Er sieht im Kolorismus eine Art Durchgangsstadium, das zu einer durch gründliches Naturstudium besser fundierten neuen emotional ausdrucks­starken Landschaftsmalerei führen soll. In seinen Argumentationen gegen den Kolorismus verbindet sich immer wieder die Klage über das Fehlen der Stimmung mit dem Vorwurf eines übertriebenen Naturalis­mus, der Beschränkung auf die Wiedergabe bloßer Naturwahrheit. Das erschien ihm in der Landschaftsmalerei gleichbedeutend mit Gefühls­armut, Häßlichkeit, und damit entbehrte sie für ihn des eigentlichen künstlerischen Wertes.

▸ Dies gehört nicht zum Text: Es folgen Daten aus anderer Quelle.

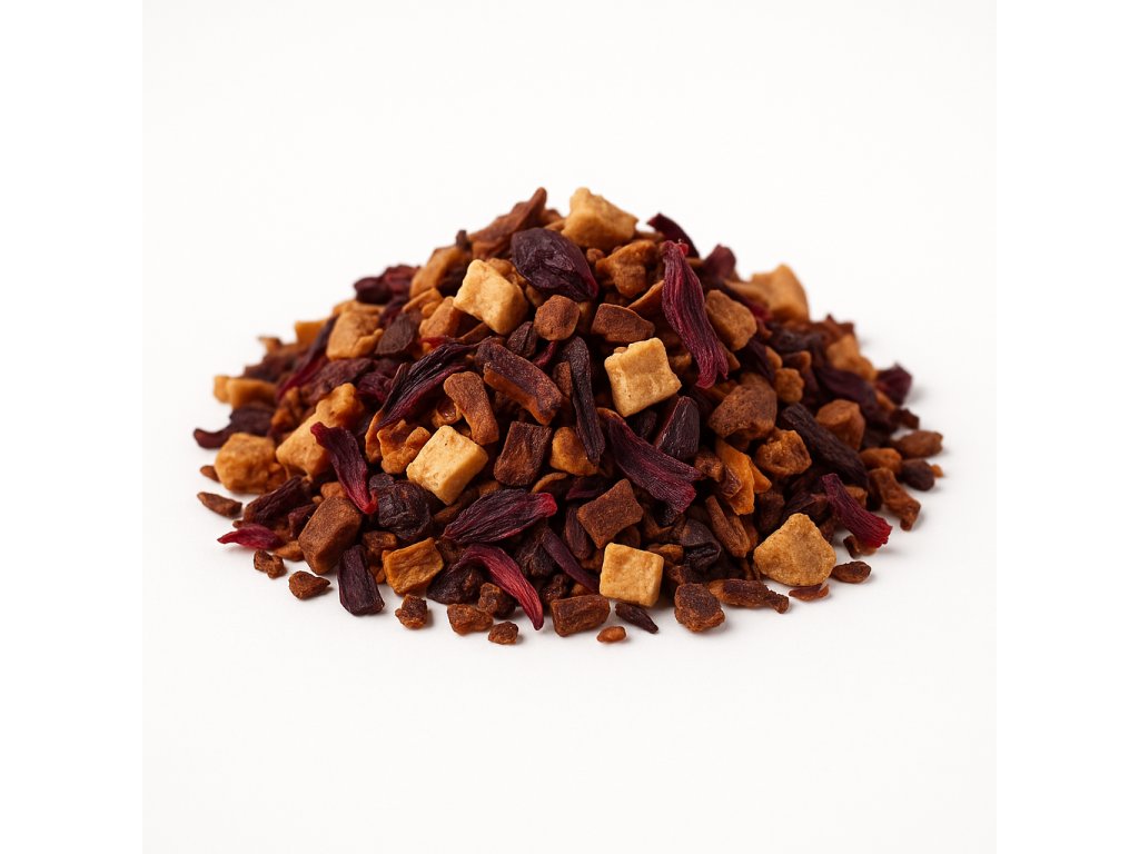 Jablečný koláč je čaj pro chvíle tepla a pohody. V jeho vůni najdete čerstvě pečená jablka, skořici a jemné rozinky. Základ tvoří ovoce a květy růže, slunečnice a měsíčku, které společně vytvářejí svátečně sladký, ale přirozený nápoj bez přidaného cukru a barviv.

Das Erfassen und die Wiedergabe emotionaler Werte war für Fontane ein letztlich unentbehrliches Kriterium qualität- voller Landschaftsmalerei. Der Verzicht darauf kam für ihn dem Ver­zicht auf die künstlerische Verklärung gleich und damit der Absage an die Schönheit und künstlerische Wahrheit.

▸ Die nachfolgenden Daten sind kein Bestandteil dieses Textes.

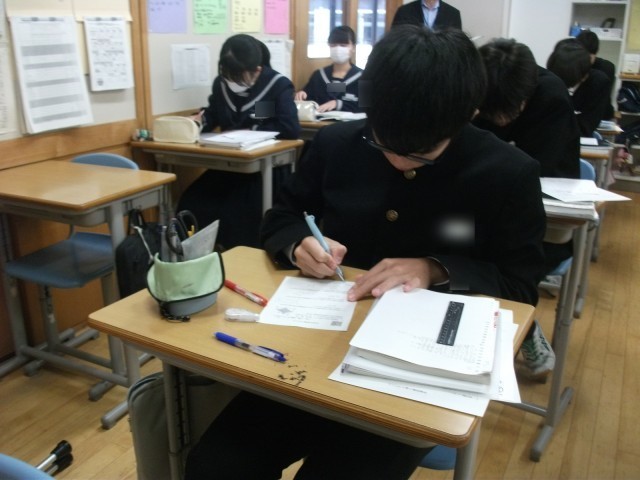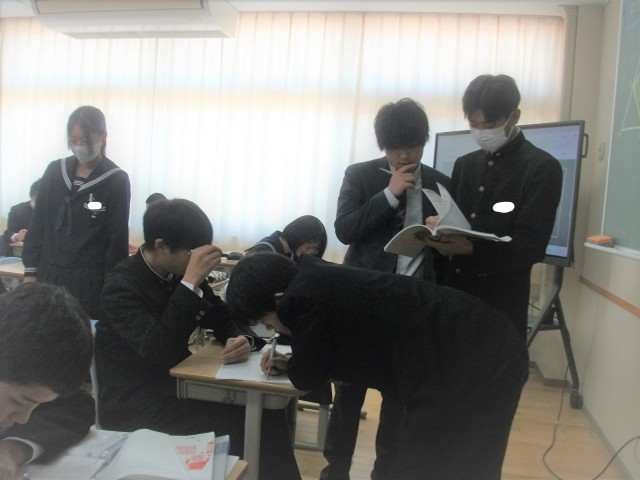 明日から、全学年期末考査です。今日の授業は、このような学習問題に取り組む授業が多く見られます。頑張れ、出中生!

Er hoffte deshalb, daß dieses koloristische Durchgangsstadium bald überwunden wird. Zu Schirmers biblischen Landschaften schreibt er: Die Teilnahme, die diese Schirmerschen Landschaften wecken, erscheint uns als ein bemerkenswertes Zeichen. Wenn wir es deuten dürfen, so heißt es: die Tage der Koloristen sind gezählt. Sie haben ihre Mission nahezu erfüllt. Diese Mission, zusammenfallend mit dem Realismus [gemeint Naturalismus] in der Kunst überhaupt, war wichtig, war uner­läßlich; aber sie war schwerlich letztes Ziel. 64

Fontanes Ausstellungsbesprechungen aus den siebziger Jahren sind allgemein und auch was die Landschaftsmalerei angeht weniger ergiebig. Sie sind, von Ausnahmen abgesehen, kürzer und man spürt ihnen an, daß Fontane Ludwig Pietsch, zu dessen Ressort die Ausstellungskritiken gehörten, nur gelegentlich vertrat.